# [WHAT TO PRODUCE]
Please give the lines below again exactly as they stand, from the one that contains "Футболка детская из" up to and including the one that contains "All of our pieces", leaving all pictures out.

[DATA RECORDS — start]

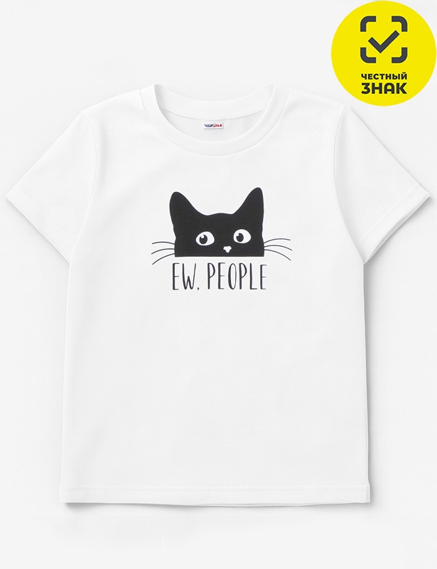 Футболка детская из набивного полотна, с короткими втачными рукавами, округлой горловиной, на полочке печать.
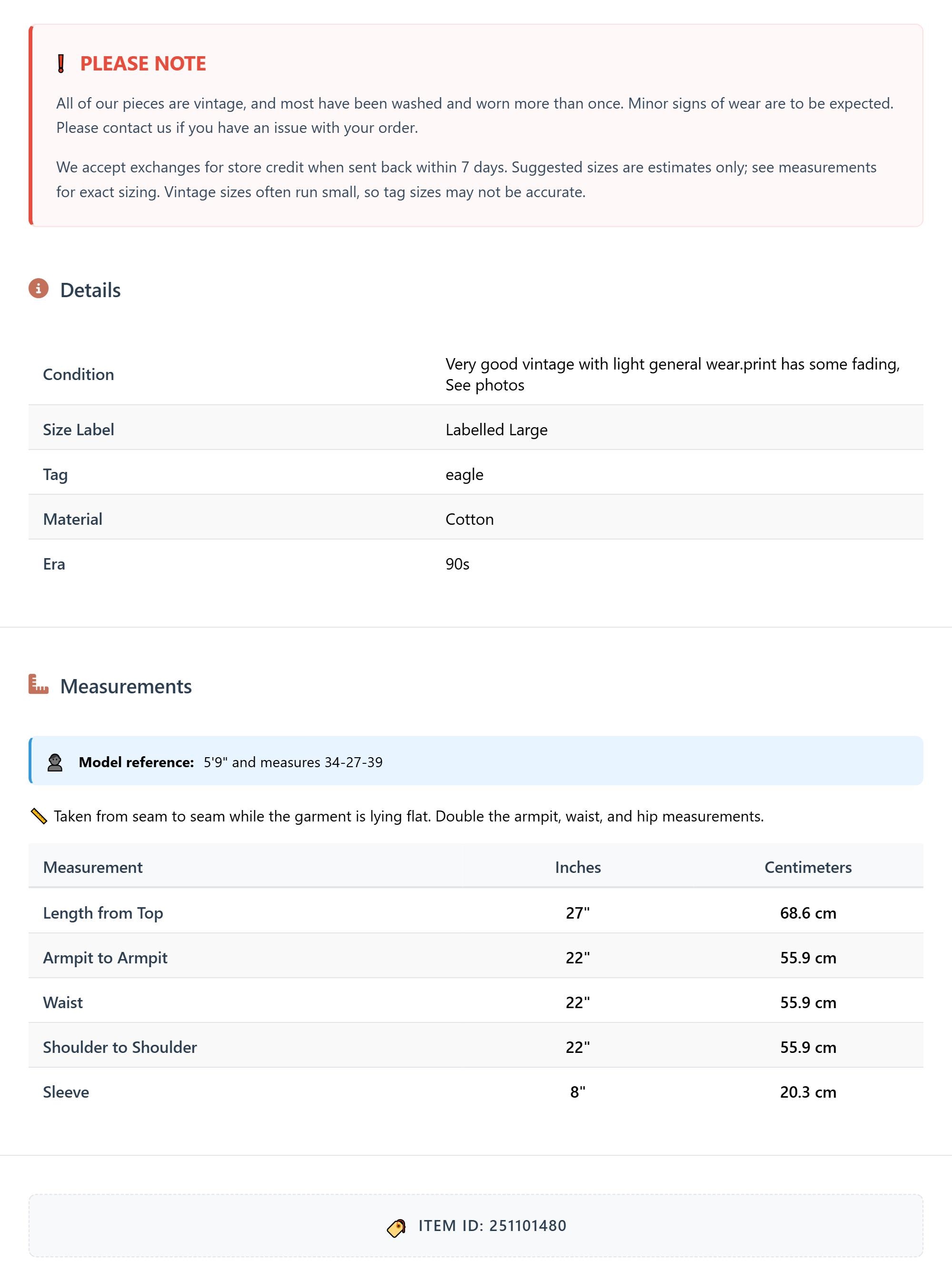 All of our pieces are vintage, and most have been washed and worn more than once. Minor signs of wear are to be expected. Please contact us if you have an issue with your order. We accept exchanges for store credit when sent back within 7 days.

[DATA RECORDS — finish]
[DATA RECORDS — start]

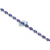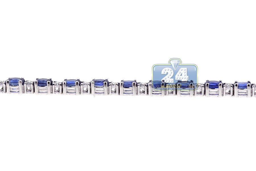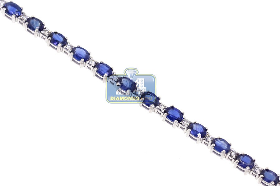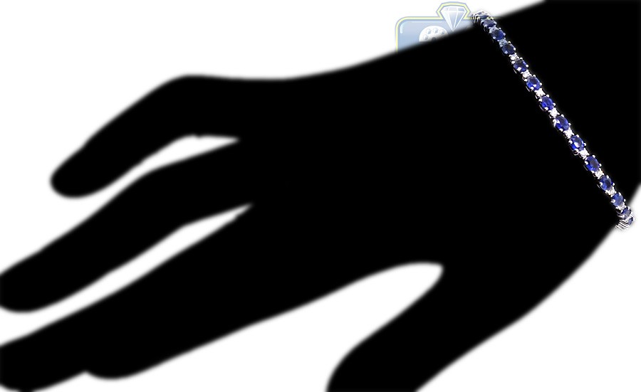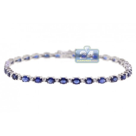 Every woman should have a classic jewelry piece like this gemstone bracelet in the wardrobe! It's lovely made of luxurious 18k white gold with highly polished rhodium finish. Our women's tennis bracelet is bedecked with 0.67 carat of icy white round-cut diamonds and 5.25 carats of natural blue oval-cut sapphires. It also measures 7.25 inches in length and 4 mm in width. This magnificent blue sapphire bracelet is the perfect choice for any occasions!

[DATA RECORDS — finish]

# [ANSWER SECTION]
 Футболка детская из набивного полотна, с короткими втачными рукавами, округлой горловиной, на полочке печать.
 All of our pieces are vintage, and most have been washed and worn more than once. Minor signs of wear are to be expected. Please contact us if you have an issue with your order. We accept exchanges for store credit when sent back within 7 days.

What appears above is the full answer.